When nicotine was applied to the solution bathing the slice, this potentiation failed to occur. The blockade of STDP could be overcome, however, by increasing the electrical activity of the post-synaptic cell, indicating that the pairing procedure was less effective, but not defunct. The group found that nicotine's net effect was to enhance the release of a major inhibitory neurotransmitter, called GABA. In the context of the synapse, the post-synaptic neuron would thus be bombarded by copious amounts of GABA, which would then dominate the input summation. These actions decrease the likelihood that the post-synaptic neuron will fire, thereby interfering with the concomitant activation of both synaptic partners and interfering with STDP.
So how does impeding STDP, a process thought to provide the cellular foundation for an adaptive nervous system, enhance cognitive function in certain individuals? This question brings us back to attention--the ability to concentrate on relevant stimuli while ignoring that which is irrelevant. During PFC-based cognitive behaviors, the neural activity in the PFC may increase to distracting levels. By enhancing inhibitory neurotransmission, nicotine may enhance the "signal-to-noise" ratio, thereby improving attention selectivity. This may be particularly beneficial to smokers who are accustomed to high nicotinic stimulation, as well as individuals with cognitive impairment, as both these groups are functioning suboptimally in the absence of nicotine.

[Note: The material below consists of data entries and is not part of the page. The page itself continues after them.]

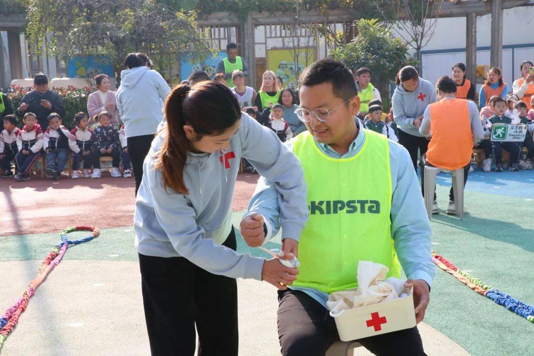 活动中,志愿者在地上摆放着代表着火位置的彩绳,手上则拿着象征燃烧火焰的彩色飘带,消防员和家长急救队的爸爸们要尽力避开这些“火焰”,将孩子们“解救”出来。游戏过后,爸爸们还充当“伤员”,由华亭镇红十字救援队进行包扎技巧展示,让孩子们全方位感受救援场景。
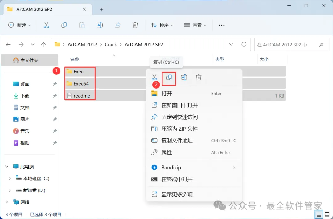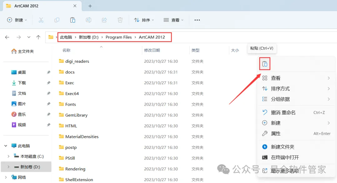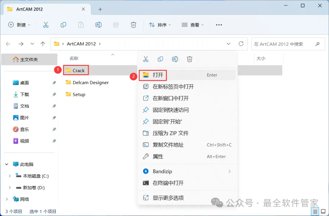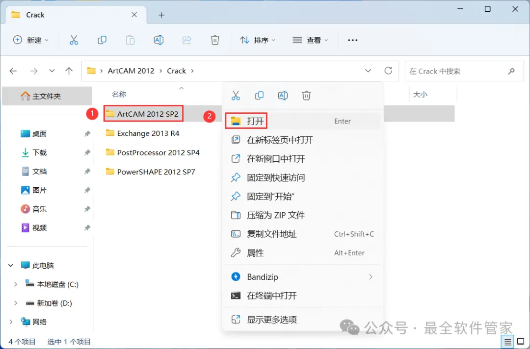 14、回到ArtCAM 2012文件夹,找到【Crack】文件夹,右键【打开】它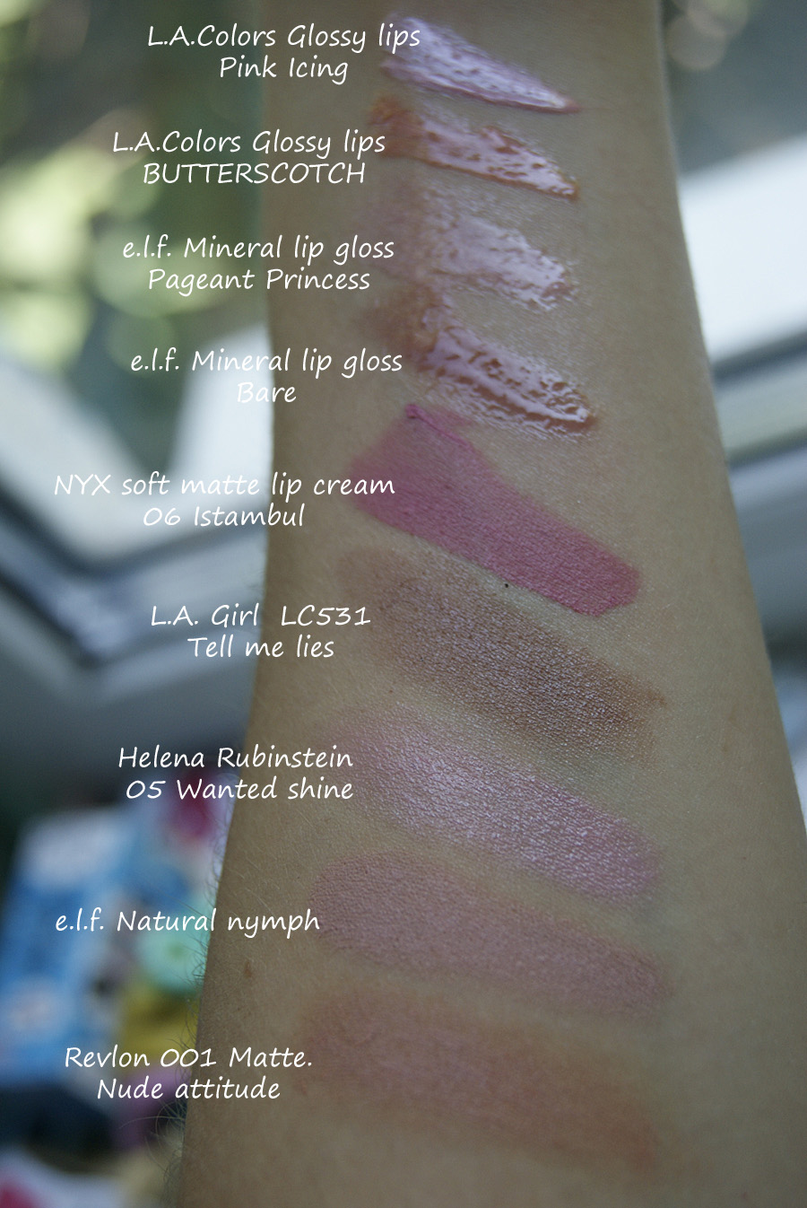 Так же вот сделала свотчи помад и блесков:)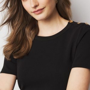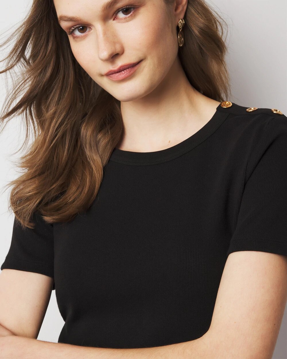 Part of our WHBM FORME™ Ribbed Stretch line-up, this short sleeve tee has three gold-toned buttons at the left shoulder and a ribbed material, making it one to love through all seasons. The comfortable crew neckline perfectly frames your face and collarbone. Wear it with denim and tailored trousers. Our ribbed fabric stretches and smooths your body, offering a flattering silhouette.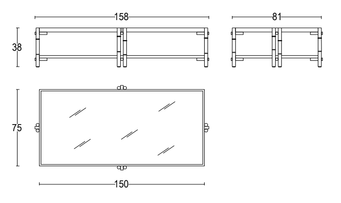 Szer. 158 × Gł. 81 × Wys. 38

And what about normal individuals, whose cognitive functioning is often impaired with nicotine? Such "drug-free" individuals are probably already performing at or near their optimal level of performance. As a result, increasing nicotinic stimulation and interfering with STDP will have negative effects in most situations. It is possible, however, that even in "normal" individuals, nicotine may enhance cognitive function under extreme task demands. During such tasks, which necessitate intensified attention over a prolonged period of time, optimal performance may be facilitated by nicotinic stimulation.
*My explanation of synaptic transmission describes, specifically, a chemical synapse. These are the predominant form of synapses in the brain, but neurons can also be connected by channels called "gap junctions." The openings of these channels allow ions to flow from one neuron to the next, enabling electrical signals to pass directly between neurons. This type of connection is called an electrical synapse, and the transmission of information is much more rapid than at chemical synapses.